> **Instructions to follow**:
An exact restatement of the data is required, with the images omitted.

> **Dataset excerpt**:
══════════

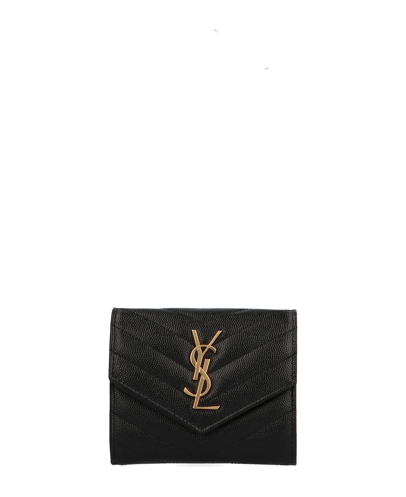 Saint Laurent wallet in matelassé grain de poudre leather featuring a gold metal logo on the front. Composition: 100% calf leather (bos taurus)
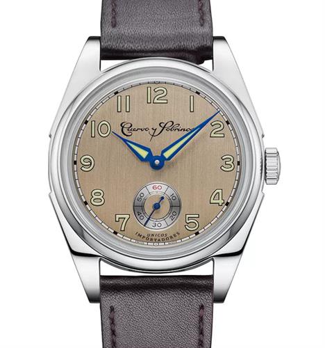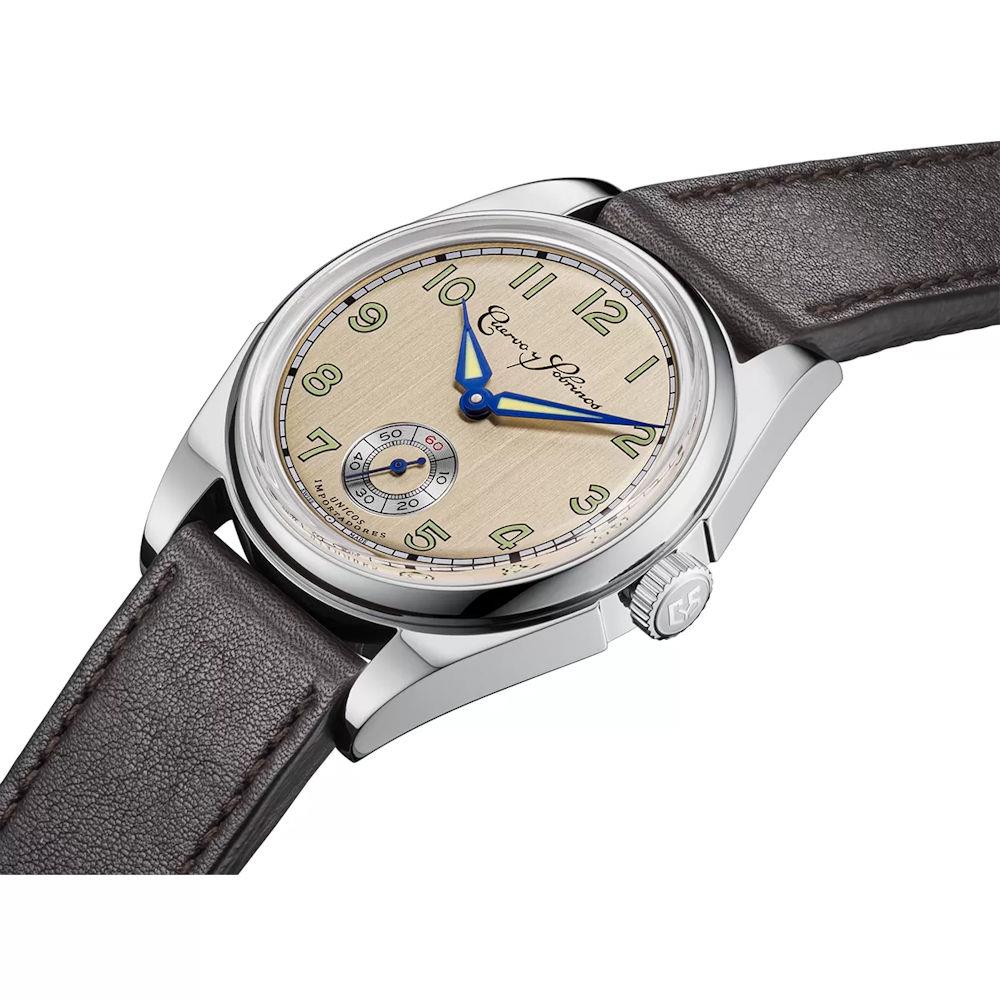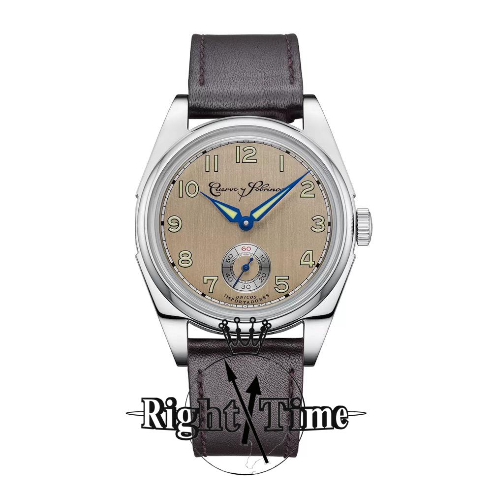 Cuervo Y Sobrinos Robusto Sans Souci Model 3162.1PM. Water resistant to 50 meters. Swiss automatic watch in stainless steel case. Sapphire crystal. Comes on brown leather strap. Champagne color dial with seconds sub-dial and luminous Arabic markers.
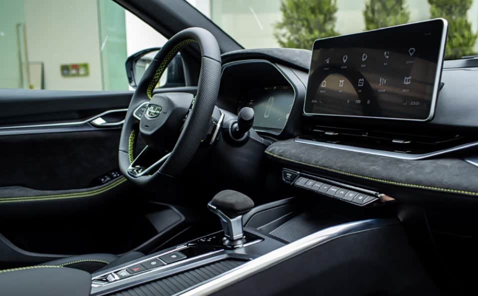 内饰上 这个版本的星瑞主打的就是运动感,因此内饰整体设计非常偏向运动化。中控台、车门板内衬、车顶、座椅等处均覆盖Alcantara材质,而且中控饰板和车门饰板中还加入星河镭雕3D设计,细节满满“yyds”,如果这个图案可以点亮的话那我原称它为同级别最强内饰设计。座椅缝线和安全带都选择亮黄色,与整体黑色内饰的组合,嗨呀把细节控心理拿捏得死死的。座椅上还有CMA字幕刺绣这你受得了吗,妥妥的仪式感和运动感,座椅的包裹性和柔软度我个人非常喜欢,让人爱不释手。三屏联动科技感无需赘述,它的导航信息可以实现从中控到仪表再到HUD显示,让驾驶员把精力更加专注于前方。 在配置方面,吉利星瑞“时空版”搭载整车OTA云端升级系统、L2级自动驾驶,还配有上帝之眼540°透明底盘、RPA手机遥控泊车、BOSE高级音响系统、车载香氛系统等丰富配置,合资品牌说“你玩吧,咱们撤了”。
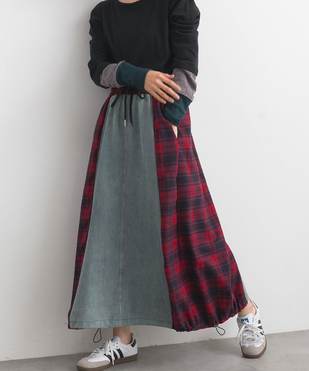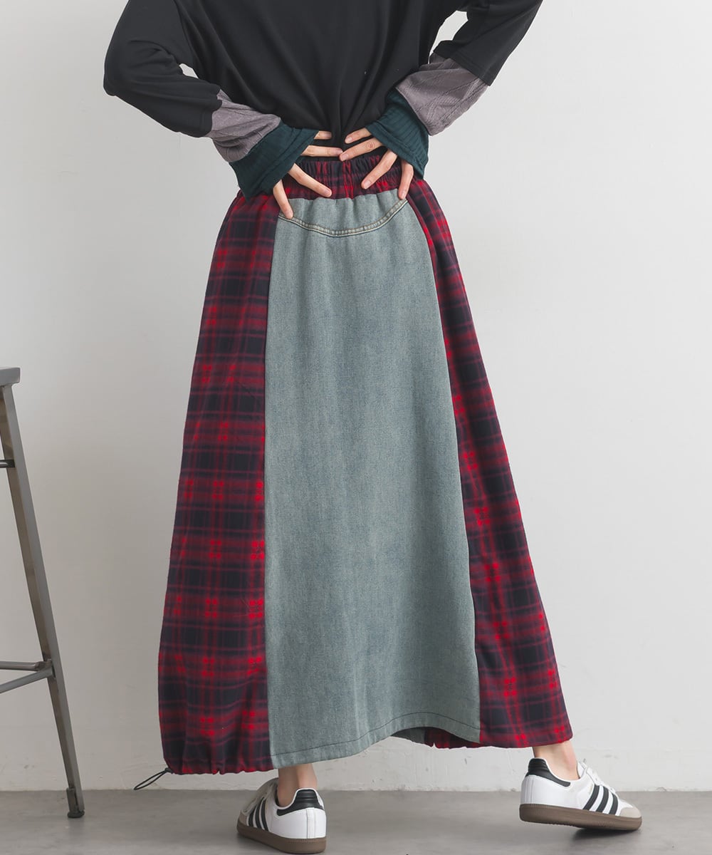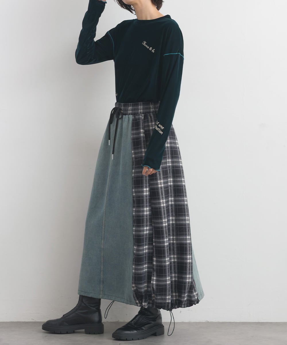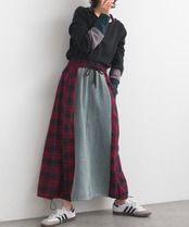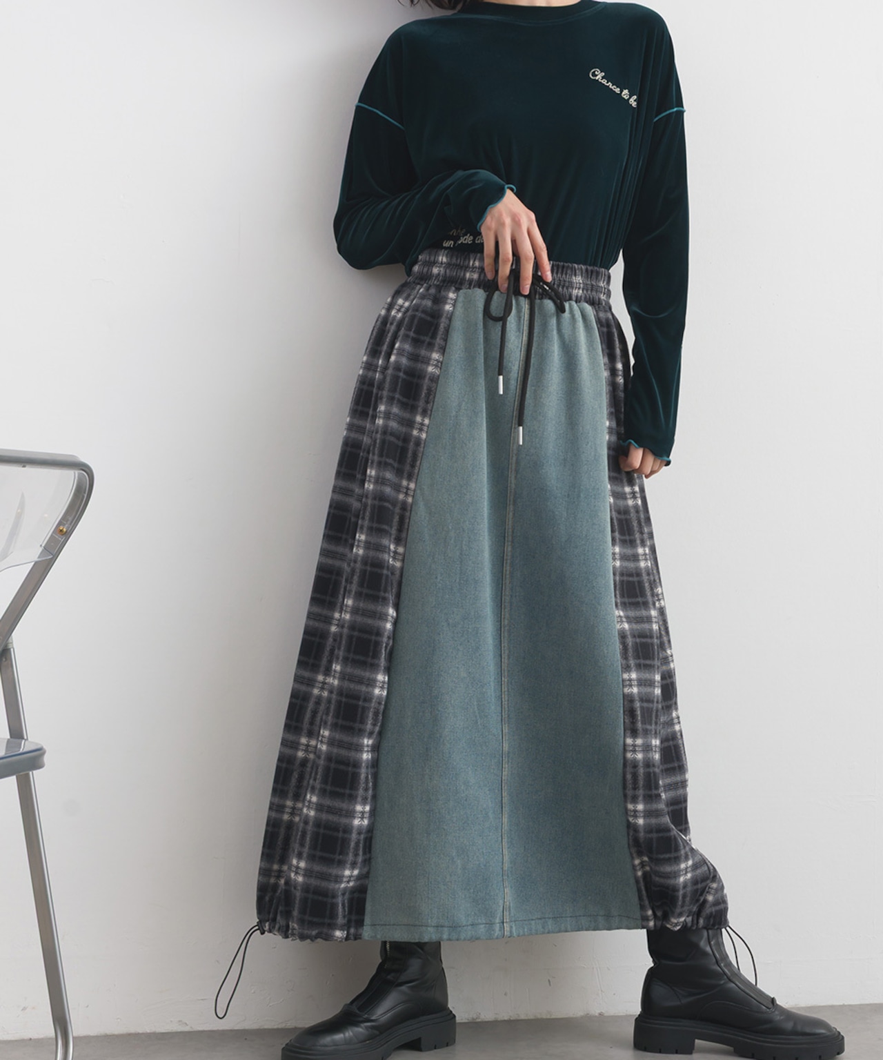 デニムとチェック柄を縦に切り替えた表情豊かなロングスカート。

══════════

> **Exercise response**:
 Saint Laurent wallet in matelassé grain de poudre leather featuring a gold metal logo on the front. Composition: 100% calf leather (bos taurus)
 Cuervo Y Sobrinos Robusto Sans Souci Model 3162.1PM. Water resistant to 50 meters. Swiss automatic watch in stainless steel case. Sapphire crystal. Comes on brown leather strap. Champagne color dial with seconds sub-dial and luminous Arabic markers.
 内饰上 这个版本的星瑞主打的就是运动感,因此内饰整体设计非常偏向运动化。中控台、车门板内衬、车顶、座椅等处均覆盖Alcantara材质,而且中控饰板和车门饰板中还加入星河镭雕3D设计,细节满满“yyds”,如果这个图案可以点亮的话那我原称它为同级别最强内饰设计。座椅缝线和安全带都选择亮黄色,与整体黑色内饰的组合,嗨呀把细节控心理拿捏得死死的。座椅上还有CMA字幕刺绣这你受得了吗,妥妥的仪式感和运动感,座椅的包裹性和柔软度我个人非常喜欢,让人爱不释手。三屏联动科技感无需赘述,它的导航信息可以实现从中控到仪表再到HUD显示,让驾驶员把精力更加专注于前方。 在配置方面,吉利星瑞“时空版”搭载整车OTA云端升级系统、L2级自动驾驶,还配有上帝之眼540°透明底盘、RPA手机遥控泊车、BOSE高级音响系统、车载香氛系统等丰富配置,合资品牌说“你玩吧,咱们撤了”。
 デニムとチェック柄を縦に切り替えた表情豊かなロングスカート。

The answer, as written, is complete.